Whereas the former food guide pyramid specifically listed meat as integral to a healthy diet, MyPlate instead encourages consuming adequate amounts of protein. While protein sources are generally thought of as animal products, this change does leave the door open to a vegetarian interpretation: legumes, including soy products, and nuts are excellent sources of protein, Sabaté said.

The MyPlate guide emphasizes that vegetables and grains should make up the greatest part of the diet, followed by generous amounts of fruit and protein. Dairy is given the least consideration.

"The plate is a more appropriate model for an eating guideline tool," Sabaté said.

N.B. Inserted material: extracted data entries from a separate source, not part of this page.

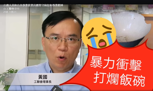工聯會理事長黃國在短片中指出,近期的暴力衝擊行動打爛打工仔飯碗。
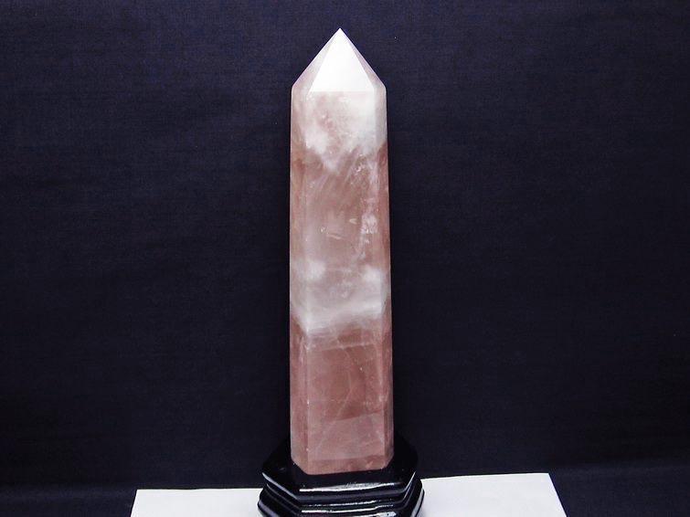 - 1.7Kg ローズクォーツ ポイント 六角柱 台座付属
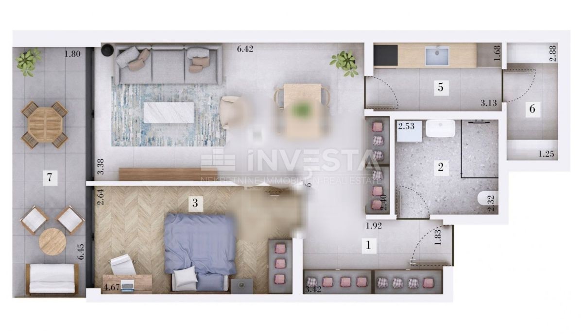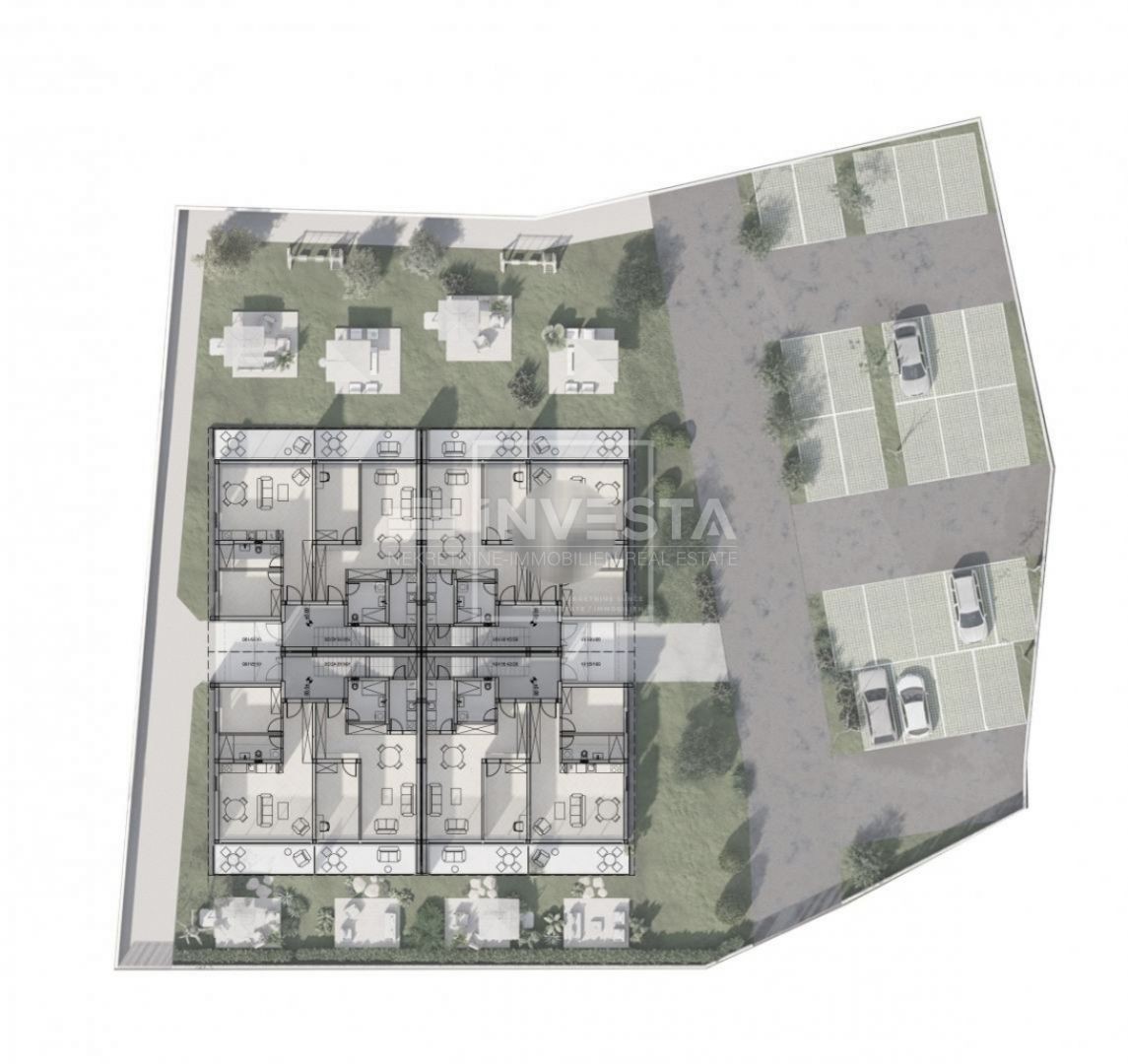 Appartamento di nuova costruzione di alta qualità e design moderno, con una superficie totale di 66,5 m², un giardino aggiuntivo di circa 35 m² e una spaziosa terrazza. L'appartamento è composto da un soggiorno con accesso alla terrazza e al giardino, cucina, zona pranzo e bagno. L'orientamento dell'appartamento garantisce molta luce naturale durante il giorno.

"School-age children -- those who are most exposed to the USDA nutrition icon -- will easily be able to grasp the importance of fruits and vegetables from the new image," he added. "When we sit down to eat we can now simply look at our own plate and evaluate if it is half filled with fruits and vegetables, as recommended by the new tool."

Sabaté was the principal architect of Loma Linda University's Vegetarian Food Pyramid, an eating guideline for vegetarians introduced in 1997. He now plans to revise the pyramid into the friendlier format of a plate, which makes visualizing portion sizes much easier.

"While we applaud the USDA's new icon and appreciate that it is more inclusive of a fast-growing vegetarian population, it is not amenable for strict vegans," he said.